- Work instructions:
Using the listing below, copy exactly each line from the one that has "黄色いお風呂で このはしゃぎようですw 20220329、カラス&四つ足カルテット" through the one that has "Το MEGA μεταδίδει"; omit the pictures.

- Provided data:
****

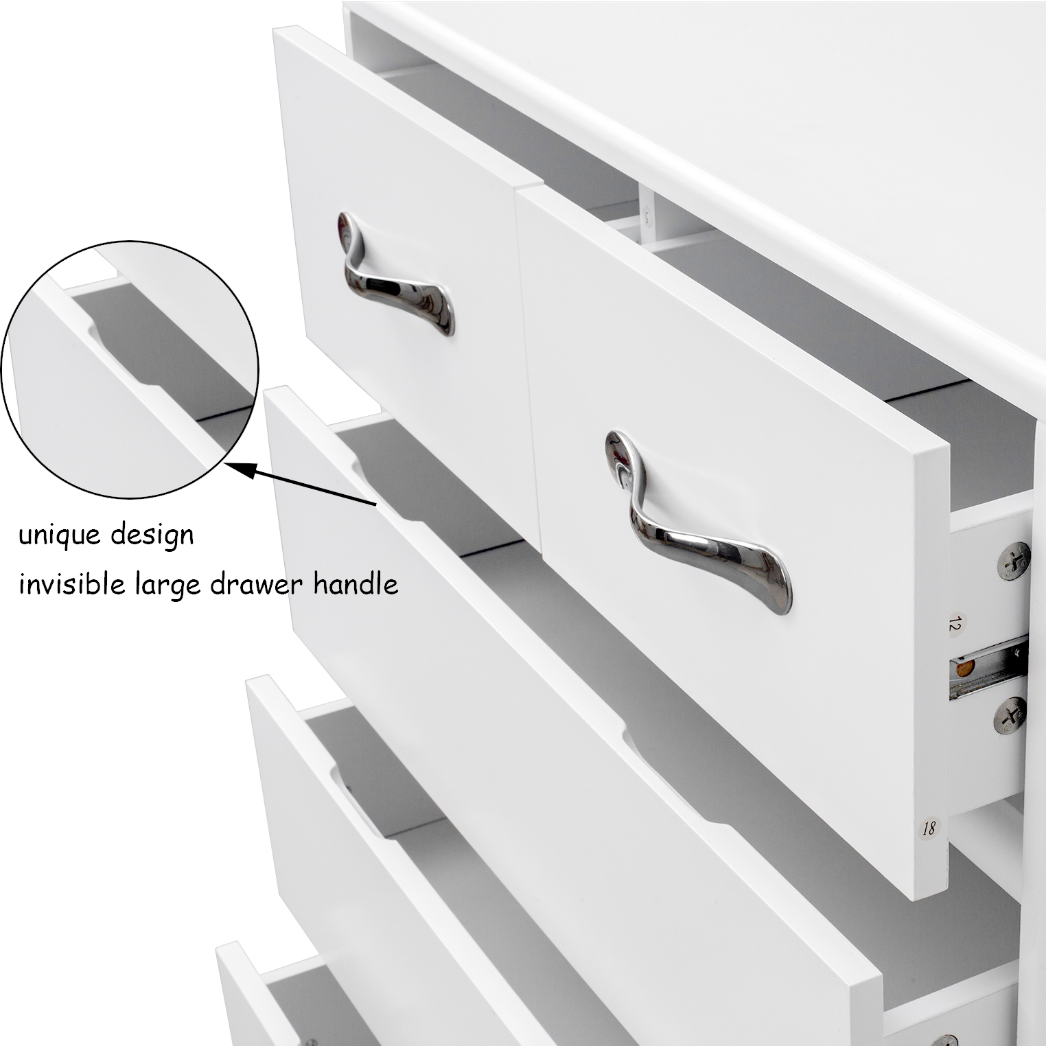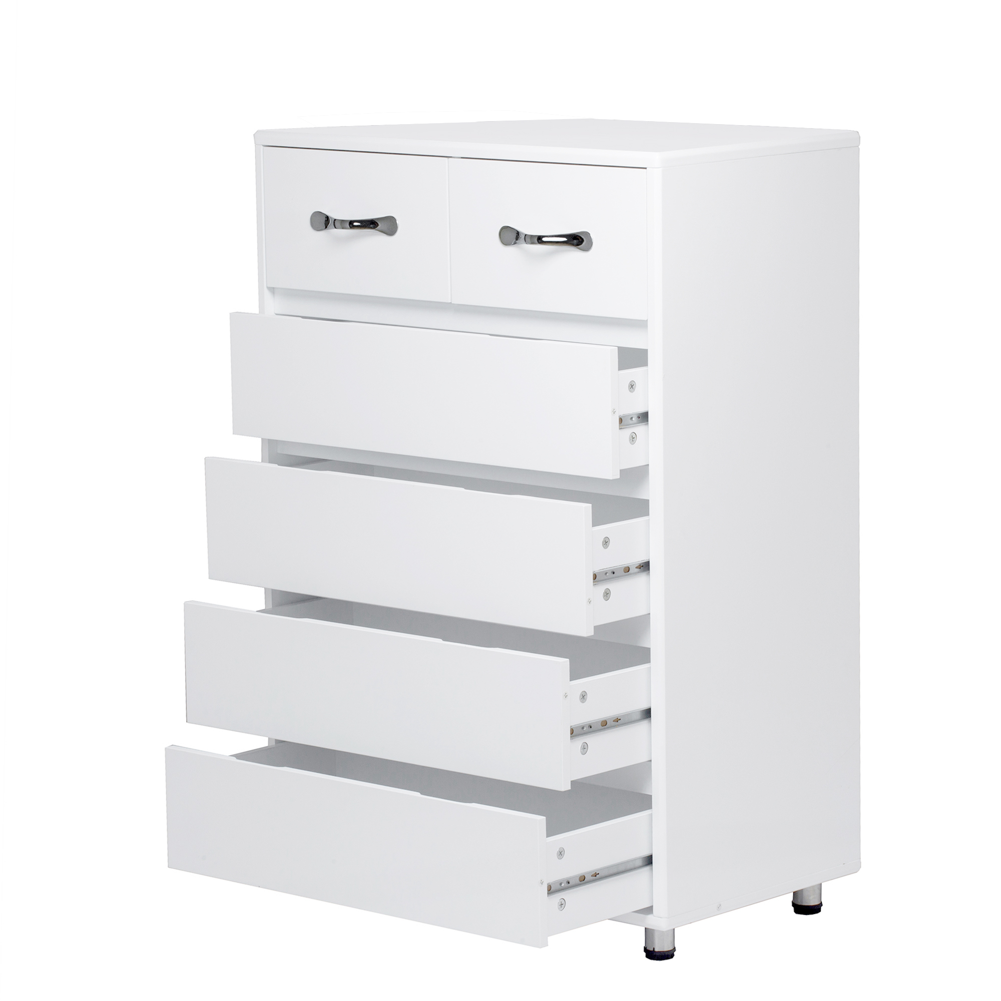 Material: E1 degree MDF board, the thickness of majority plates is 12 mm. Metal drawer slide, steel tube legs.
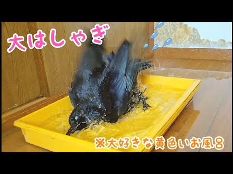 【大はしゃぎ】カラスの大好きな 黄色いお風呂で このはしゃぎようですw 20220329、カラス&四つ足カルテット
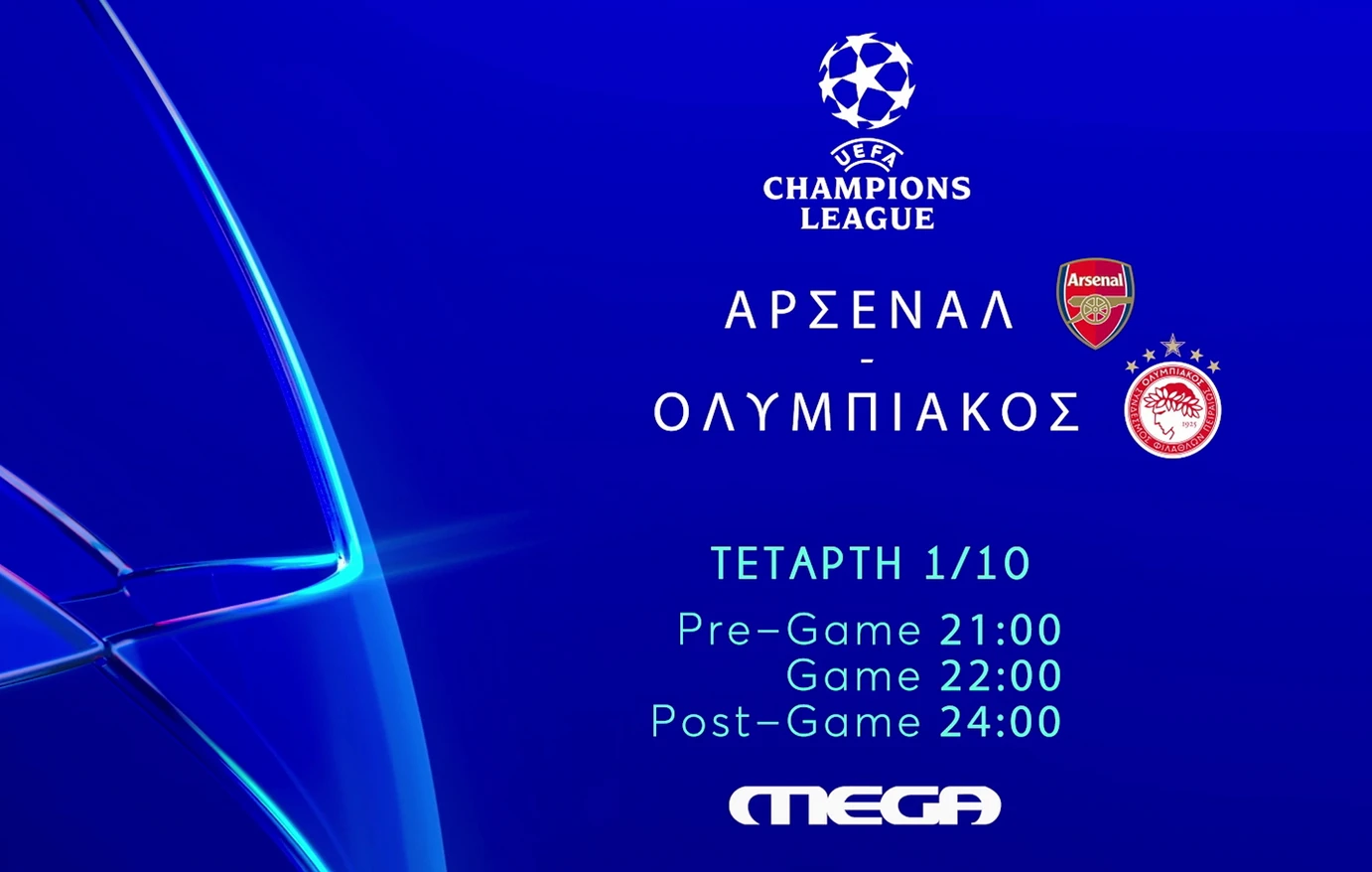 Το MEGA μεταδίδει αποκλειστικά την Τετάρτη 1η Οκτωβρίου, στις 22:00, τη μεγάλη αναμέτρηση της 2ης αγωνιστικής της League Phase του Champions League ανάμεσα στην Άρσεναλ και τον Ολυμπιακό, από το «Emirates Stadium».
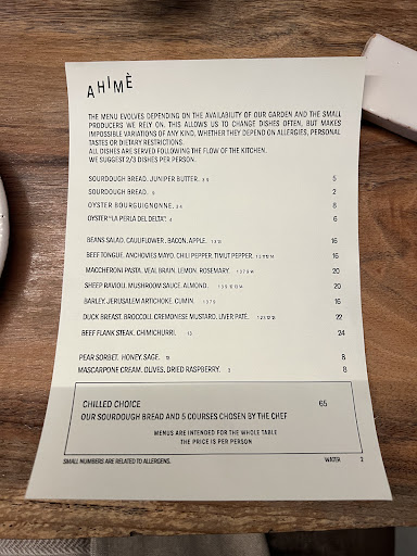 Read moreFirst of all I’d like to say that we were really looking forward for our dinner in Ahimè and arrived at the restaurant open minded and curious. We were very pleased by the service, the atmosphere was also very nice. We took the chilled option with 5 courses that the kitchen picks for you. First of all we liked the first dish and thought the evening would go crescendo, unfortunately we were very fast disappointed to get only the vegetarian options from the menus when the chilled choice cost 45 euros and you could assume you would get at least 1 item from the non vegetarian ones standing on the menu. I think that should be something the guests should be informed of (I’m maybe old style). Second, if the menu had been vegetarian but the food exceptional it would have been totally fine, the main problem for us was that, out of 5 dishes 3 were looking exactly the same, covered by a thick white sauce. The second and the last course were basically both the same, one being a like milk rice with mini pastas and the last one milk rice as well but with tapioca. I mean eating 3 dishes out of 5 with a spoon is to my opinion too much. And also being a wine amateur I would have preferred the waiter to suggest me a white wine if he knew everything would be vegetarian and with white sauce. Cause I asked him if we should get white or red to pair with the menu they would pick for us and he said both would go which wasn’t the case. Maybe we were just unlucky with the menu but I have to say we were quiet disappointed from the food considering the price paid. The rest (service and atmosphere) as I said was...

****

- Exercise response:
 【大はしゃぎ】カラスの大好きな 黄色いお風呂で このはしゃぎようですw 20220329、カラス&四つ足カルテット
 Το MEGA μεταδίδει αποκλειστικά την Τετάρτη 1η Οκτωβρίου, στις 22:00, τη μεγάλη αναμέτρηση της 2ης αγωνιστικής της League Phase του Champions League ανάμεσα στην Άρσεναλ και τον Ολυμπιακό, από το «Emirates Stadium».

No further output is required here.